I have spent the better part of those years searching for the relatives of that soldier in hope of returning the items, as I couldn’t bear the thought that a young man killed in war would be forgotten because his belongings were separated from his family.

This is a “follow up” on the article you published in January of last year concerning the belongings of that soldier, John Francis Aitken. The article, “Mystery Box, Window to the Past.” was submitted in an attempt to help with my search.

On March 8, of this year, you forwarded to me a letter written by Max and Pam Aitken of Cheshire, England. The couple turned out to be the surviving relatives of John Aitken of Bakewell, England.

Because you published the article, the son of Max and Pam, Jonathan Aitken was able to track me down after finding it on the Internet. Now as a result, I will fulfill my promise to return the belongings to the family, free of any charge.

There was an interesting set of circumstances surrounding the contact with the relatives. Two days before your note was sent, my company, Afton Corp., whose parent company is Newmarket Corp., announced the purchase of a metal-working fluids company called Polartech in Manchester, England. Max and Pam’s home is just on the outskirts of Manchester.

With that in mind and with some reservations, I decided to e-mail the president and CEO of Newmarket Corp., Teddy Gottwald, to ask a great favor. I knew that there would be negotiations between the two companies after the purchase and because I was afraid that if I mailed the belongings to England, they would be lost for another 93 years, I asked that he allow someone to hand carry them to Max and Pam as long as it was not out of the way and wouldn’t be an inconvenience. I attached the newspaper article and requested that before he said “no” to at least read it.

I received a reply that evening stating that it was an amazing story and after a few days of planning, Newmarket and Afton Corps. would make it happen.

Three days later, my first e-mail of the day was from Teddy. The first line read, “Pack your bags, you are going to England.” “I shared your letter with others in the company and we all decided that if anyone should deliver the items, it should be you.” What an honor it is to be able to do this noble thing and what an honorable thing my company is doing to accomplish this most important mission!

In May, I will be traveling to England to deliver the belongings of John Aitken to his family. All paid for by my company because they thought it was just the right thing to do.

It is because of companies like Afton and Newmarket and newspapers like The Record Live that our world is a better place. It is simple things like these gestures of kindness that drive a man like John Francis Aitken to realize that a free life is worth defending, even to the point of an early death.

Though John was a British soldier, he was born in America to British parents. It would make no difference to me had he never set foot on American soil. He, like American soldiers fought so that all countries and people could be free. I would do the same for him as I would do for a soldier wearing an American uniform.
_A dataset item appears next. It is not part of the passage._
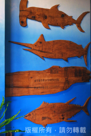 海洋是很美也很殘酷的,很美的面貌在那美麗的鯨豚和豐收的漁獲,殘酷的一面則是冬天和颱風前後面對大浪在海上漂泊船隻的船長,需要勇氣。創作這些海洋動物都是隨性發揮,透過平常在海上看到這些動物的樣貌來切割,許多人說刻得很傳神是因為我們討海人的這些動物的關係非常緊密,好的觀察力才能讓我們持續生活下去,鬼頭刀、旗魚都是我們面對大海的收穫。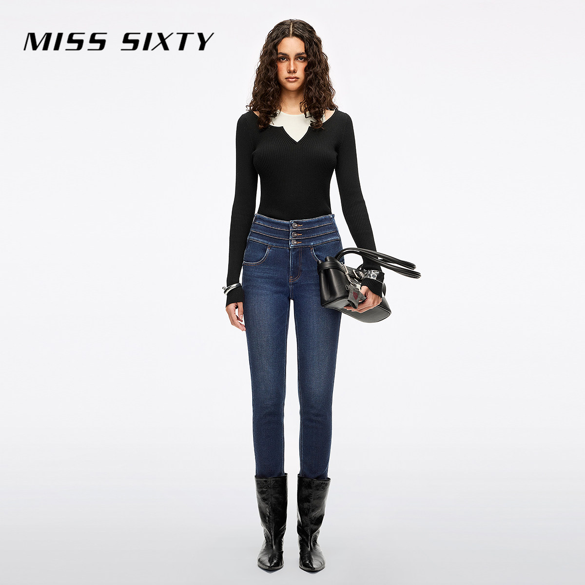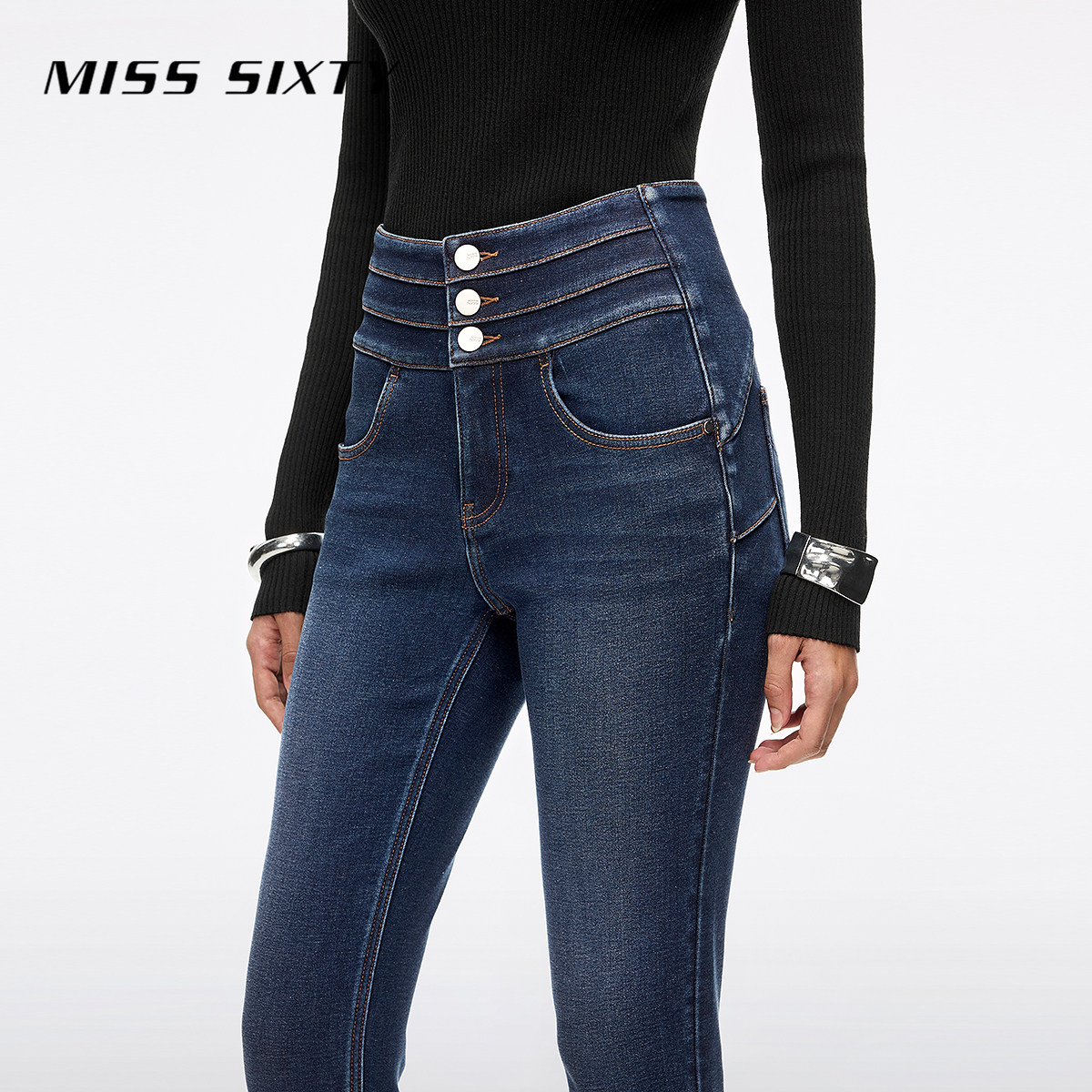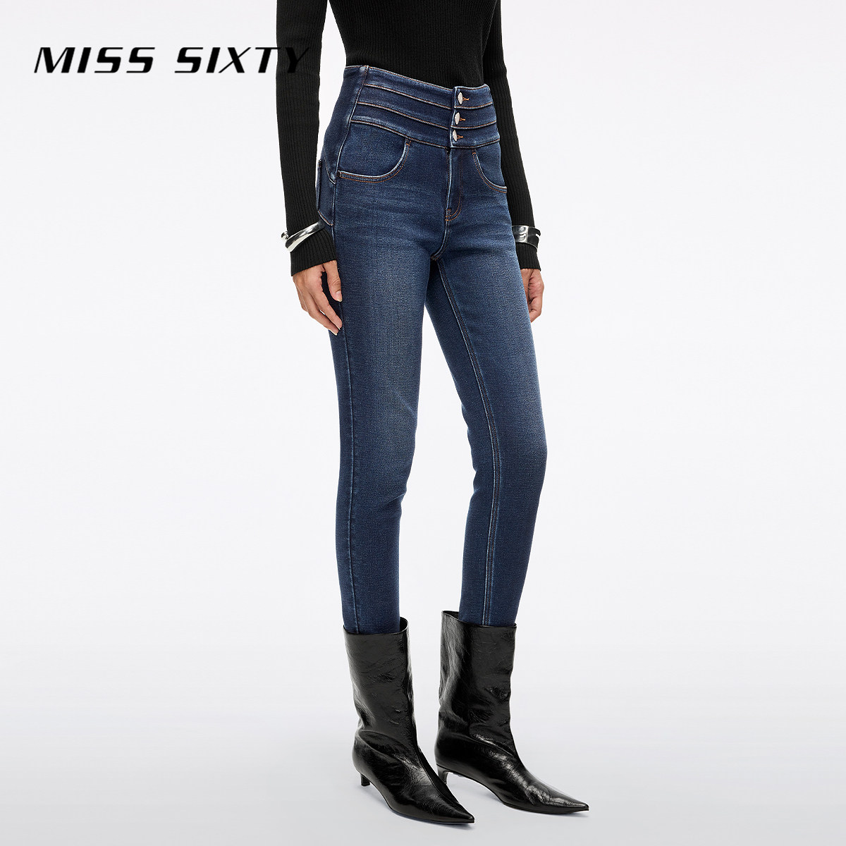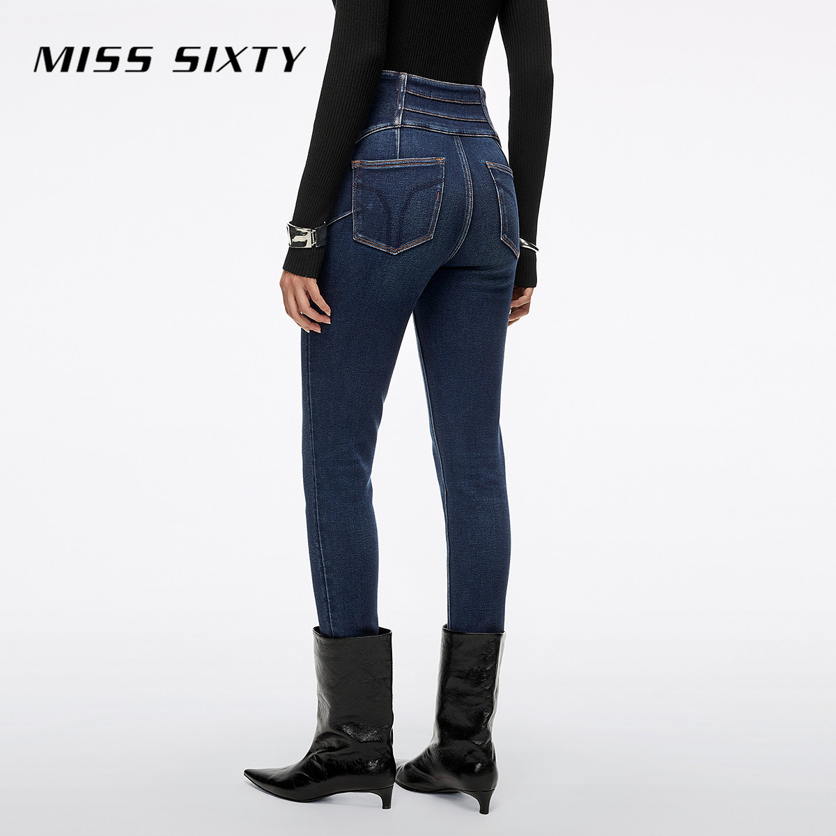 【保暖复合绒】Miss Sixty2025冬季新款牛仔裤三环腰加厚小脚靴裤

John Aitken lies in a small area, plot I, row G, marker #3 of Brandhoek New Military Cemetery No. 3, near Ypres, Belgium. He lies in Flander’s Fields where the poem of the same name was written in 1915 by John McCrae and in the same place where poppies bloom when the land is disturbed by exploding shells or by the shovels of those who dig the graves of the brave men who died the day before.

It is the blooms of those red flowers that give us hope that soon no more men will be needed to defend us, that the shade of the markers and monuments to the fallen will soon cool the world’s need for war.